Word Embeddings
Word embeddings represent words as dense vectors in continuous space, where similar words are close together. They capture semantic meaning and relationships between words.
Key Insight: "You shall know a word by the company it keeps" — Words appearing in similar contexts have similar meanings.
Why Embeddings?
One-Hot Encoding ✗
Traditional approach: sparse, high-dimensional.
dog: [0, 1, 0, 0, ..., 0]
Vocabulary size: 50,000+
✗ No semantic similarity, huge dimensions
Word Embeddings ✓
Dense vectors in low-dimensional space.
dog: [0.3, -0.4, 0.7, ...]
Dimensions: 100-300
✓ Captures meaning, similar words are close
Popular Embedding Methods
Word2Vec (2013)
Learn embeddings by predicting context words.

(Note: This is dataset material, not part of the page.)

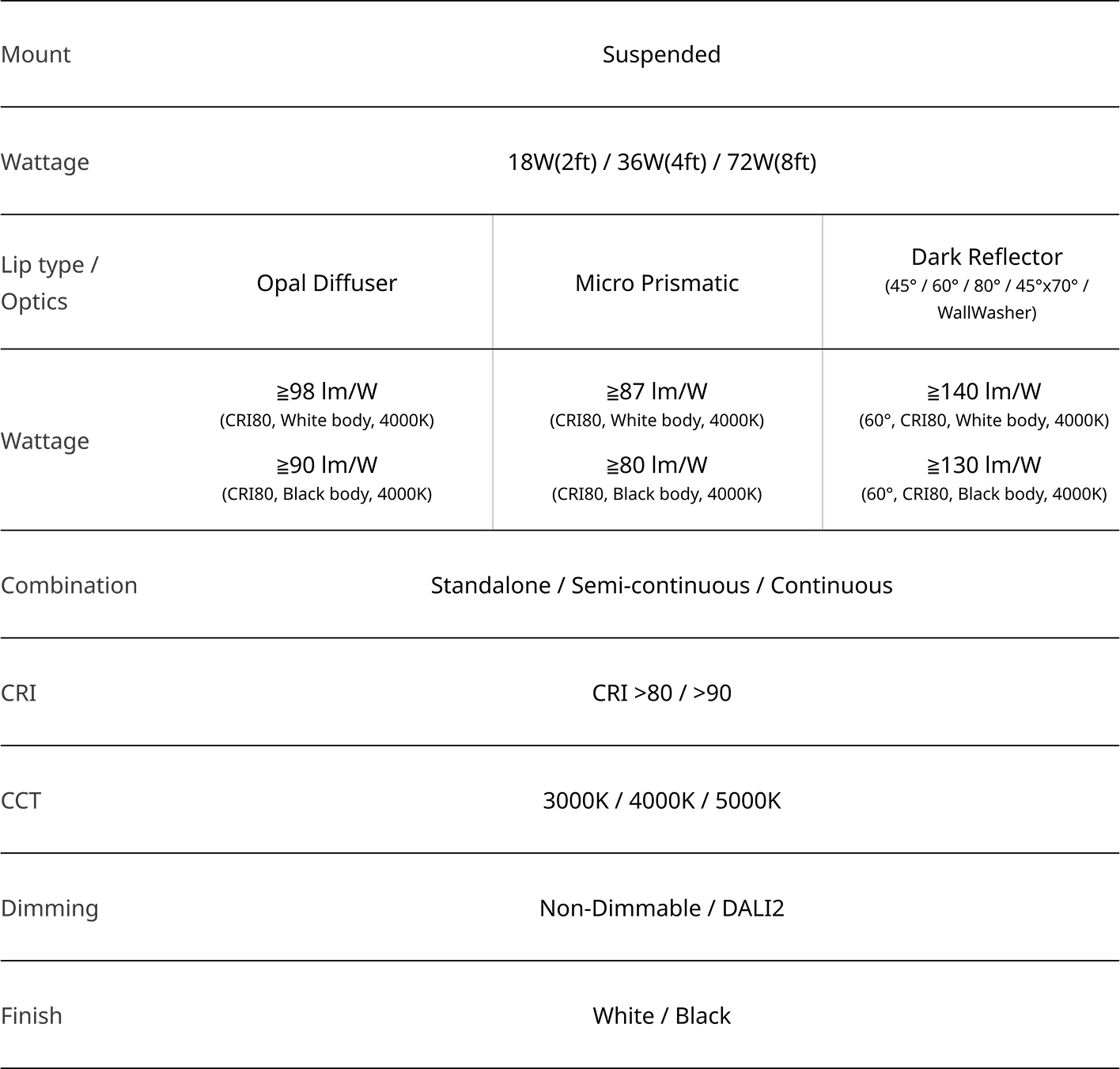 | Lip type / Optics | Opal Diffuser | Micro Prismatic | Dark Reflector (45° / 60° / 80° / 45°x70° / WallWasher) |

Skip-gram: Predict context from word
Trained on large text corpus
Fast, captures semantic relationships (king - man + woman ≈ queen)
GloVe (2014)
Global Vectors for Word Representation.
Combines global matrix factorization + local context
Pre-trained on Wikipedia, Common Crawl
Good for capturing word analogies and relationships
FastText (2016)
Extension of Word2Vec with subword information.
Example: "where" → ["wh", "whe", "her", "ere", "re"]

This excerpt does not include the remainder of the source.